Pro-drugs - hepatic metobolites (need to be metabolised into active state)

Clopidogrel - slow onset of action (5-6 hrs for full effect) without loading dose; inter-individual variability in antiplatelet action

Ticagrelor + prasugrel = more rapid onset (1-2 hrs post oral dose)

Ticagrelor acts REVERSIBLY at DIFFERENT SITE to clopidogrel - has active metabolites

Question 28

Give some warnings/contraindications of ADP receptor antagonists

Answer 28

• Bleeding
• GI upset; dyspepsia, diarrhoea
• Thrombocytopaenia (low plt’s)
• Hepatic + renal impairment - caution; as metabolised from pro to active drug

Question 29

Give some important interactions/considerations of ADP receptor antagonists

Answer 29

• Clopidogrel required CYPs for activation; drugs interfering- omeprazole (PPI), ciprofloxacin, erythromycin, SSRI’s
• CYP 2C19 invl
• Thus, need to consider use of other PPI’s with clopidogrel
• Ticagrelor can interact with CYP inhibitors and inducers - CYP 3A4
• Caution when co-prescribed with other antiplatelet + anticoagulant agents or NSAIDS– BLEEDING, peptic disease

Question 30

Which drug needs stopping 7 days prior to surgery?

Answer 30

Clopidogrel -

Risk vs benefit - to allow time for drug to wear off

(Ticagrelol 5 days before?)

Question 31

Give some indications for clopidogrel (ADP receptor antagonist)

Answer 31

• Monotherapy where aspirin contraindicated
• NSTEMI pt’s for up to 12 mths (PPCI considerations)
• STEMI with stent- for up to 12 mths - stop before CABG (high vs low risk pt’s)
• Ischaemic stroke + TIA - long term secondary prevention

RISK OF CARDIOVASCULAR EVENTS VS BLEEDING RISK

Question 32

Give an indication for using prasugrel with aspirin

Answer 32

ACS patients undergoing PCI, up to 12 mths

Question 33

Provide an outline of the evidence (PLATO study) done to compare the use of ticagrelor or clopidogrel with aspirin

Answer 33

TICAGRELOR significantly reduced rate of death from vascular causes

Ticagrelor: currently licensed in combination with aspirin for p_revention of atherothrombotic events in ACS for UP TO 12 MTHS_

Question 34

Describe the mechanism of action of glycoprotein IIb/IIIa inhibitors

Answer 34

• Monoclonal antibody
• Blocks binding of fibrinogen and von Willebrand factor (vWf)
• Antibody blocks GPIIb/IIIa receptors leading to 80% reduction in aggregation

Abciximab binds irreversibly to the GPIIb/IIIa receptors and blocks the binding of fibrinogen

Question 35

Give an example of a glycoprotein IIb/IIIa inhibitor

Answer 35

Abciximab - IV injection with bolus

Antibody blocks GPIIa/IIIb receptors

Leads to 80% reduction in aggregation- bleeding risk greater than other agents

Question 36

Why do glycoprotein IIb/IIIa inhibitors have a greater associated bleeding risk compared to the other agents?

Answer 36

As they target the final common pathway where there is more complete plt aggregation

Thus, there are not many other mechanisms by which platelets can aggregate (as with COX inhibitors)
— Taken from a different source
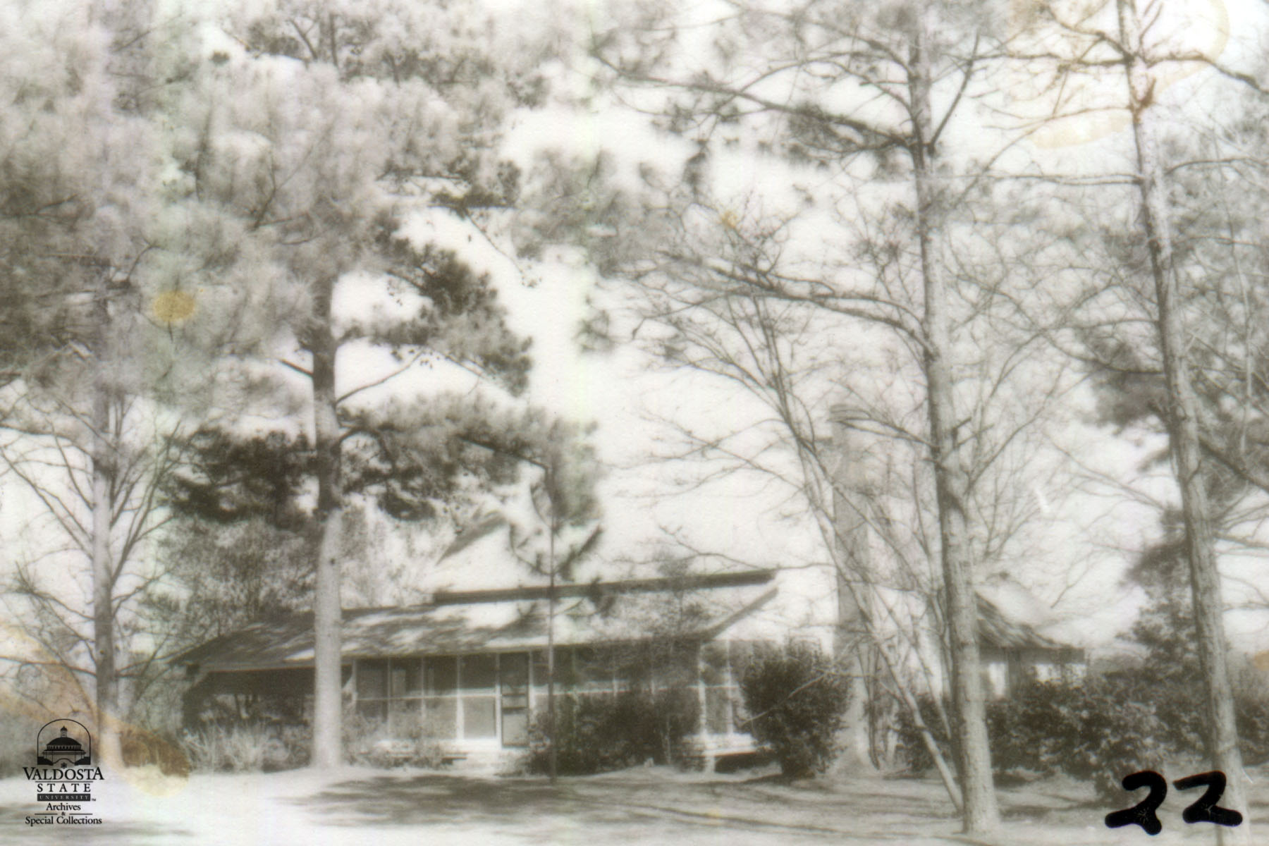 Georgia Architectural and Historic Properties Survey of Rural [114] Mid west section of the county, Quitman, Ga. December 1980. A one story rectangular plan with gabled tin roof and narrow siding. Shed porch with square posts (screened). Sash windows with 6/6 lights. Exterior chimney. Brick piers. Good condition. Date of Construction: c. 1910. A typical vernacular house common to this area.

Hence, a substantial reduction in platelet aggregation (80%)– increased bleeding risk

Question 37

Give some warnings/contraindications and important interactions/considerations of glycoprotein IIb/IIIa inhibitors

Answer 37

• BLEEDING (fuller antipletelet effects) - dose adjustment for body weight, thrombocytopaenia, hypotension, bradycardia
• Caution with other antipletelet + anticoagulant agents

Specialist use in HIGH RISK PERCUTANEOUS TRANSLUMINAL CORONARY ANGIOPLASTY PATIENTS

Question 38

OVERVIEW

Answer 38

Question 39

Give an example of a phosphodiesterase inhibitor

Answer 39

Dipyridamole

Question 40

Describe the mechanism of action of phosphodiesterase inhibitors (dipyridamole)

Answer 40

• Dipyridamole inhibits cellular reuptake of adenosine- increased plasma adenosine- inhibits platelet aggregation via A2 receptors
• Normally, phosphodiesterases breakdown cyclic nucleotides, thus with a phosphodiesterase inhibitor, cAMP degradation is prevented
• Dipyridamole also acts as a phosphodiesterase inhibitor which prevents cAMP degradation- inhibits expression of GPIIb/IIIa (increased cAMP, decreased Ca2+, reduced plt aggregation)
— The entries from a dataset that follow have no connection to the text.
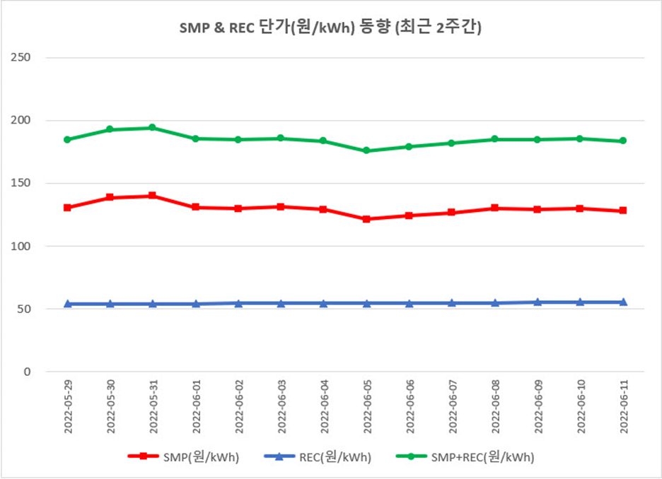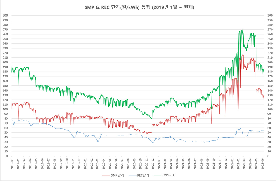 | 날짜 | SMP(원/kWh) | REC(원/kWh) | SMP+REC(원/kWh) |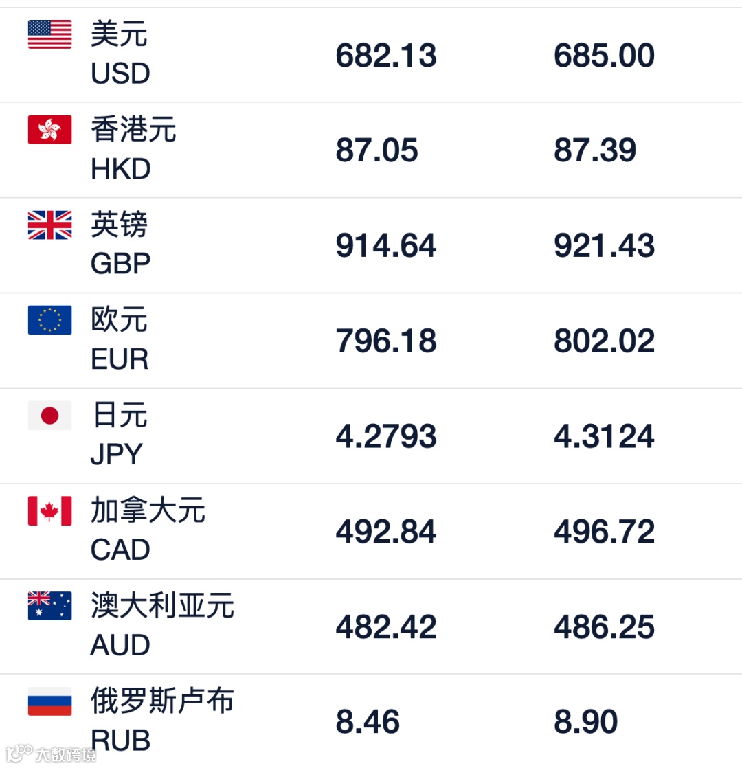 今日汇率
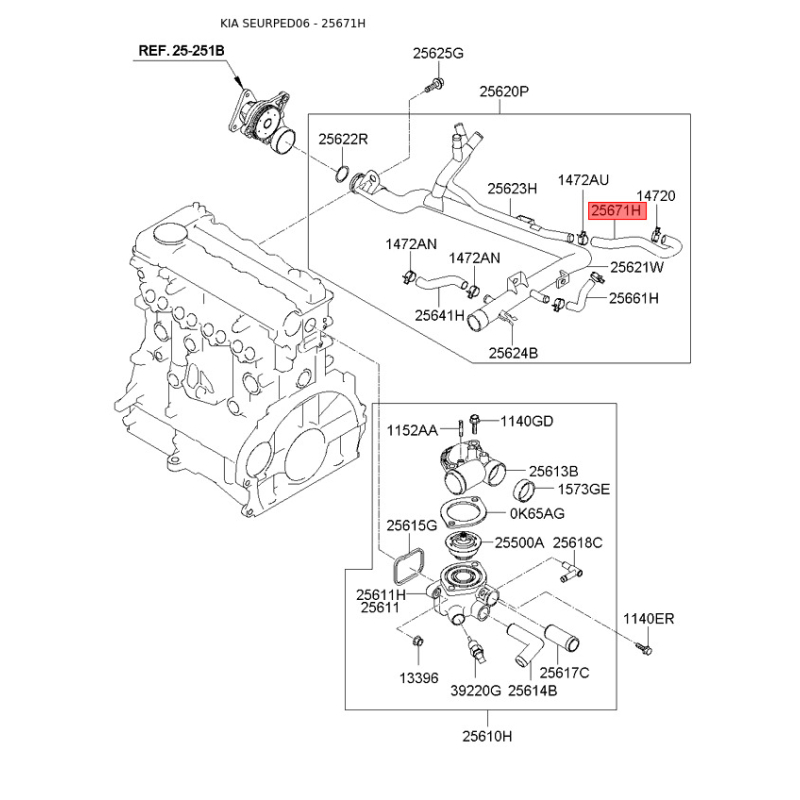 Шланг (патрубок) системи охолодження 25671-2A150 Mobis

PHOSPHODIESTERASE 5 AND 3 INHIBITION

Question 41

Give some warnings/contraindications and any important interactions/considerations of phosphodiesterase inhibitors (dipyridamole)

Answer 41

• Flushing, headache, hypersensitivity
• Caution with antihypertensives (side effects), antiplatelets, anticoagulants

Question 42

Give some uses of phosphodiesterase inhibitors (dipyridamole)

Answer 42

Secondary prevention of ischaemic stroke + TIA

Adjunct for prophylaxis of thromboembolism following valve replacement

Question 43

Briefly describe the mechanism of action of fibrinolytic agents (thrombolysis/clot busters)

Answer 43

Fibrinolytics dissolve fibrin meshwork of thrombus

Fibrin clot into fibrin degradation products

Question 44

Give 2 examples of fibrinolytics and explain how they work

Answer 44

Streptokinase; promotes plasminogen production

Alteplase; plasminogen activator- promotes conversion of plasminogen into plasmin

Question 45

What does plasmin do?

Answer 45

Breaks down fibrin clot into fibrin degradation products

Question 46

What does tranexamic acid do?

Give some of its uses

Answer 46

Inhibits fibrinolysis - inhibits fibrin clot breakdown

Is used to treat heavy bleeding during your menstrual period. Tranexamic acid works by slowing the breakdown of blood clots, which helps to prevent prolonged bleeding. It belongs to a class of drugs known as antifibrinolytics.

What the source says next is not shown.